Kitap Tanıtımı |
İstanbullu
Daha önce Metin Eloğlunun kitaplaşmamış şiirlerini (İbresiz Bir Pusula, YKY, 2007) derleyen Turgay Anar, dört yıl boyunca 300den fazla süreli yayını inceledi ve şairin biri hiç yayımlanmamış 25 öyküsüne ulaştı.
Metin Eloğlu, ilk kez kitaplaşan, kimi karışık teknikle, kimi de Türk öykücülüğünde belki ilk kez sen-öyküsel anlatımla yazılmış, kimileri de gerçeküstü yönelimler taşıyan bu öykülerde, şiirinden bildiğimiz atak, haylaz ve yaratıcı Türkçesiyle İstanbulu, denizi, Anadoluyu, adamları ve kadınları ve aşk acılarını anlatıyor...

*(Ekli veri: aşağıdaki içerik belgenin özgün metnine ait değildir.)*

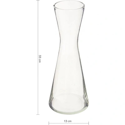 ManoManoGeneral description This gracefully shaped clear glass carafe with curved sides is ideal for serving wine, juices, or beverages. Its minimalist design with a narrow neck is easy to hold and ensures a drip-free pour.
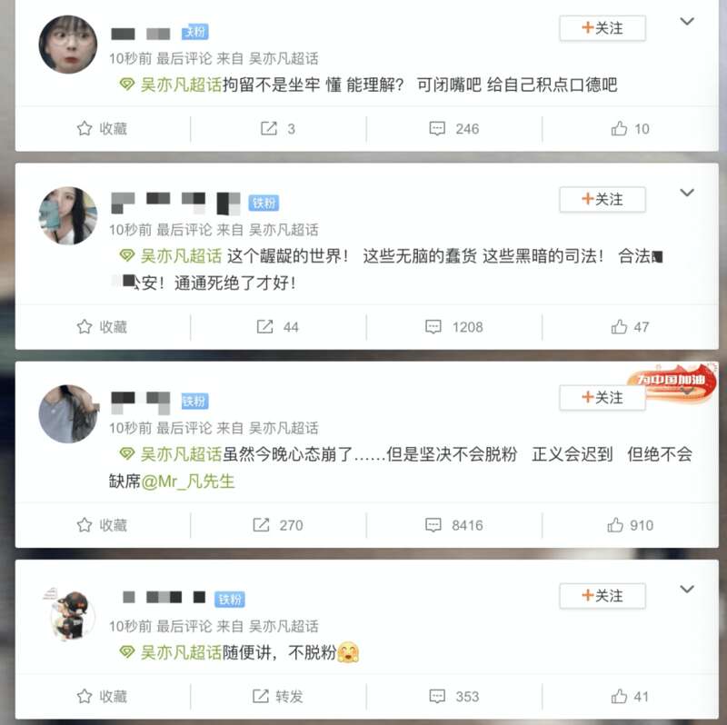 写到这,我发现吴亦凡超话已经没了,但在消失之前的帖子,一群粉丝还在表示“就算是真的我们也不脱粉”、“我们永远不会脱粉了”。
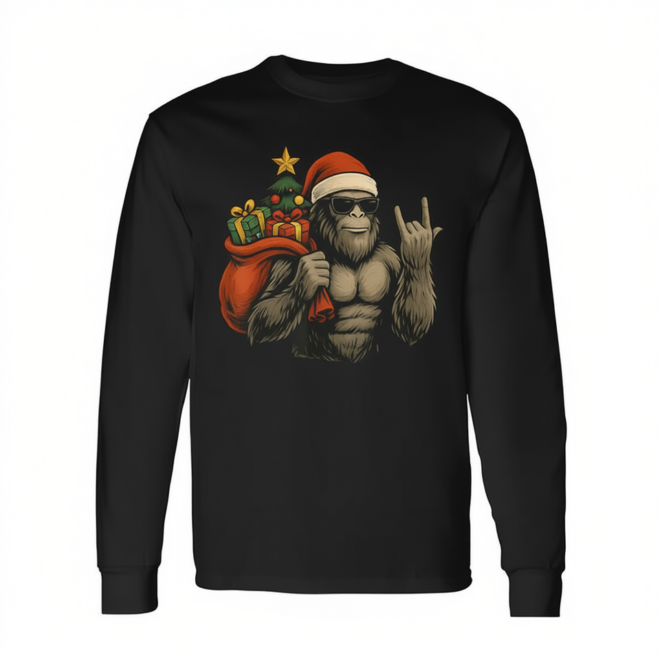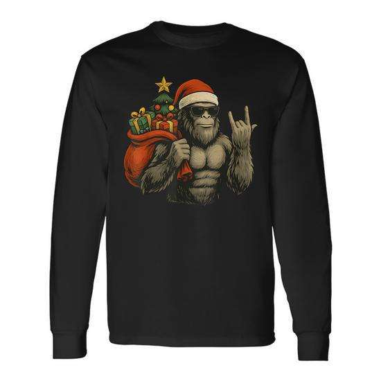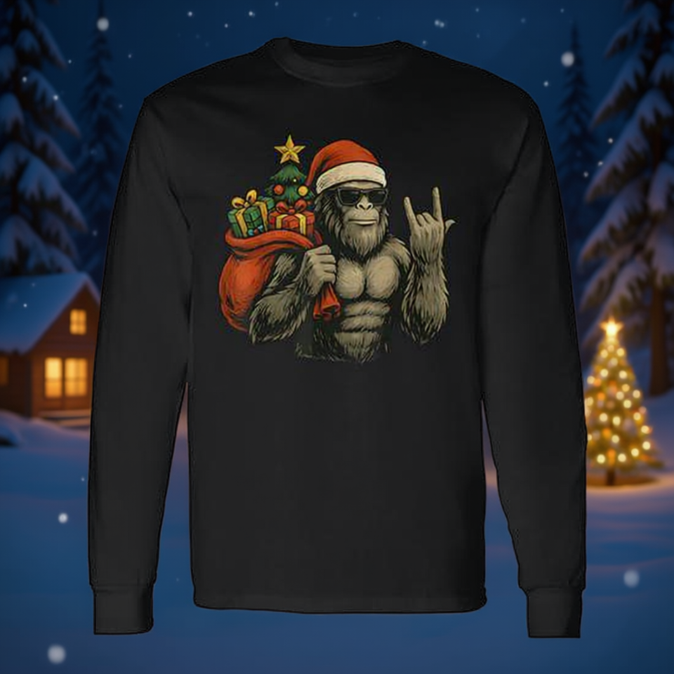 Maglietta a maniche lunghe Bigfoot Santa Christmas Tree Rock On Xmas Sasquatch
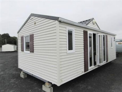 La casa móvil está pensada para instalarse en campings, parques residenciales o parcelas privadas, con acceso mediante una pequeña escalera frontal. Su estructura modular facilita el transporte y el montaje, permitiendo una puesta en servicio rápida y con pocos trabajos de obra.
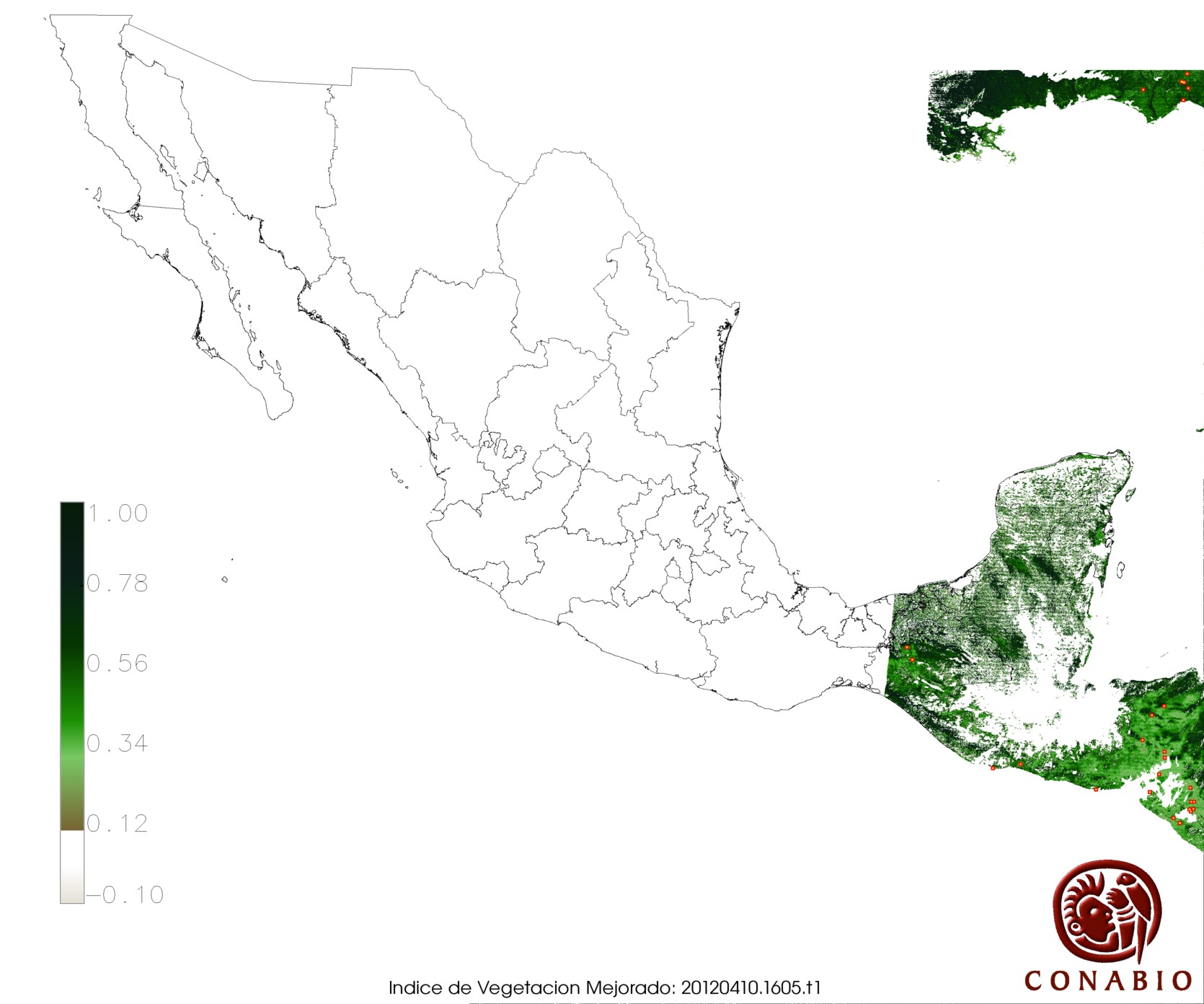 Nubosidad en el terreno:4% Nubosidad sobre México:2% Datos nulos en la escena:0% Datos nulos sobre México:0% |
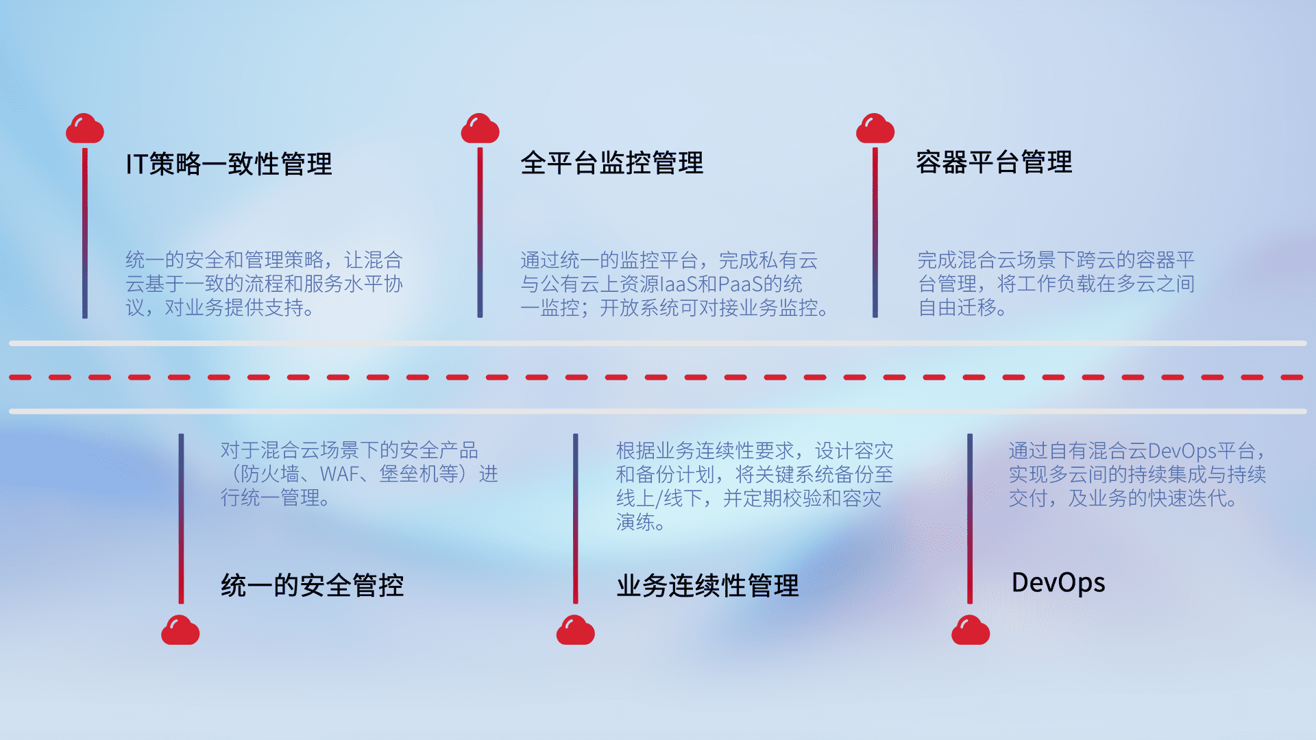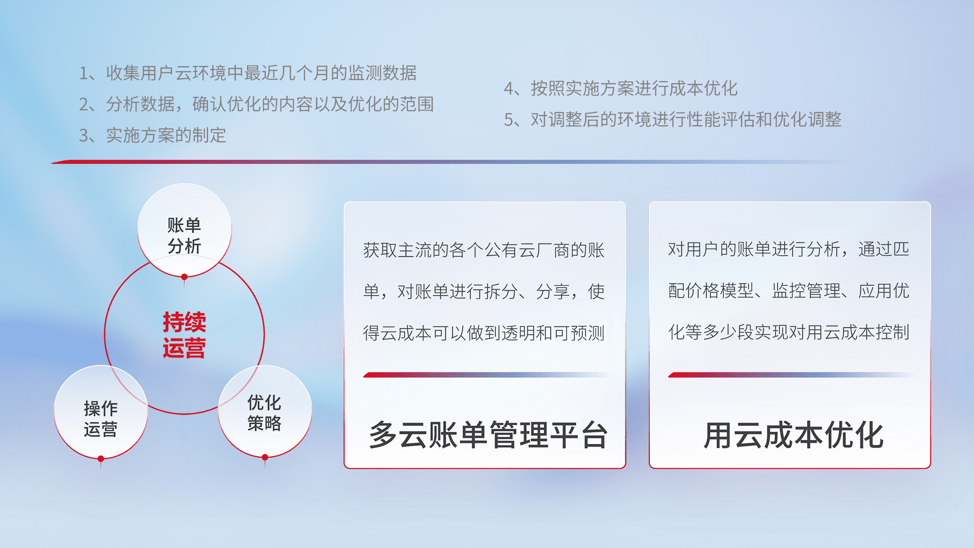 通过多云纳管,,以统一的资源数据模型把客户的云资源进行抽象和封装,,进而实现对多云资源的统一操作,,,,保障云资源管理的可靠性、、稳定性与可用性。。。量身定制化运维内容,,,配置、、开发运维、、、补丁管理、、备份、、、、监控、、认证和访问管理、、、审计和日常巡检等,,保障在用云过程中的可靠度,,,稳定度以及高可用率。。

Bu arada, Sait Faikin öykücü olmanın temel ölçütlerinden biri saydığı balık isimlerini bilme sınavından da Yıldızlı Pekiyiyle geçiyor:
Ah, buraya kışın gelmeliydi: Civarinalar tozu dumana katarken, bir yelken bezine bürünüp, yavru orkinosları, kaplan postlu, dört dikenli dıragonyaları beklemek... Hapı yutan kılıcın nazlı nazlı salınması, gitgide iflahtan kesilmesi... Siyah sarı al benekli minakoplar... Koçan gibi kefalları ileryalardan ayrı koyun... O canım iskorpitler, taş balıkları isperkolar...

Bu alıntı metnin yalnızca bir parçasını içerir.